WORK TASK - Strip the pictures, then copy the remaining data exactly as it stands.

COLLECTED MATERIAL -

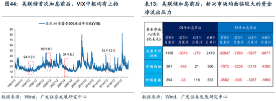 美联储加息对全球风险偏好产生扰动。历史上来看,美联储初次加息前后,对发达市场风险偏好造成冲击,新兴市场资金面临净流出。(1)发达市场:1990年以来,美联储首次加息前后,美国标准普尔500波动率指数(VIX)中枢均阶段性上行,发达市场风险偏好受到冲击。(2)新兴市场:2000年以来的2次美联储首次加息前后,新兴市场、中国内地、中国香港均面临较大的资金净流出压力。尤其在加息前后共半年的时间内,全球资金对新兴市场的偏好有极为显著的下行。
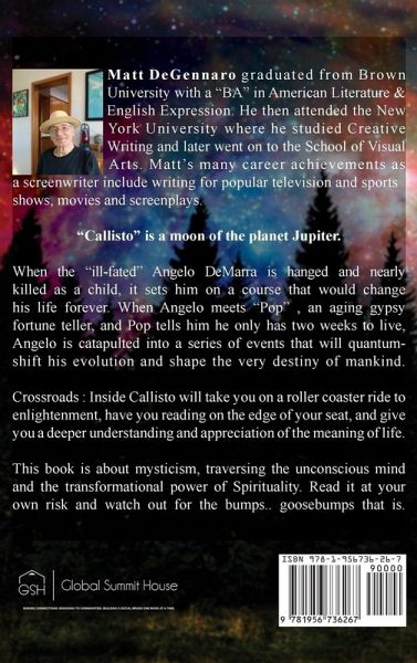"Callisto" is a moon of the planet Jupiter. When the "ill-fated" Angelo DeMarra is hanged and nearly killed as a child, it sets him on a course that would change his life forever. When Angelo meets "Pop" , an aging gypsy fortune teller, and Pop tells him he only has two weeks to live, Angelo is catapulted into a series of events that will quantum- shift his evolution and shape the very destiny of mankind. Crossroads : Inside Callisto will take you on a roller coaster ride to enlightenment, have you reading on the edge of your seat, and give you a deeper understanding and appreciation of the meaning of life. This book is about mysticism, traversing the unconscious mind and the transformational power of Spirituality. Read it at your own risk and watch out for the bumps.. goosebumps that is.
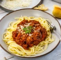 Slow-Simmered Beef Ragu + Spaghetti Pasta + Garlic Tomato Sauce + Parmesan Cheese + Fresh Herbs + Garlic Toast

RESPONSE BELOW -
 美联储加息对全球风险偏好产生扰动。历史上来看,美联储初次加息前后,对发达市场风险偏好造成冲击,新兴市场资金面临净流出。(1)发达市场:1990年以来,美联储首次加息前后,美国标准普尔500波动率指数(VIX)中枢均阶段性上行,发达市场风险偏好受到冲击。(2)新兴市场:2000年以来的2次美联储首次加息前后,新兴市场、中国内地、中国香港均面临较大的资金净流出压力。尤其在加息前后共半年的时间内,全球资金对新兴市场的偏好有极为显著的下行。
"Callisto" is a moon of the planet Jupiter. When the "ill-fated" Angelo DeMarra is hanged and nearly killed as a child, it sets him on a course that would change his life forever. When Angelo meets "Pop" , an aging gypsy fortune teller, and Pop tells him he only has two weeks to live, Angelo is catapulted into a series of events that will quantum- shift his evolution and shape the very destiny of mankind. Crossroads : Inside Callisto will take you on a roller coaster ride to enlightenment, have you reading on the edge of your seat, and give you a deeper understanding and appreciation of the meaning of life. This book is about mysticism, traversing the unconscious mind and the transformational power of Spirituality. Read it at your own risk and watch out for the bumps.. goosebumps that is.
 Slow-Simmered Beef Ragu + Spaghetti Pasta + Garlic Tomato Sauce + Parmesan Cheese + Fresh Herbs + Garlic Toast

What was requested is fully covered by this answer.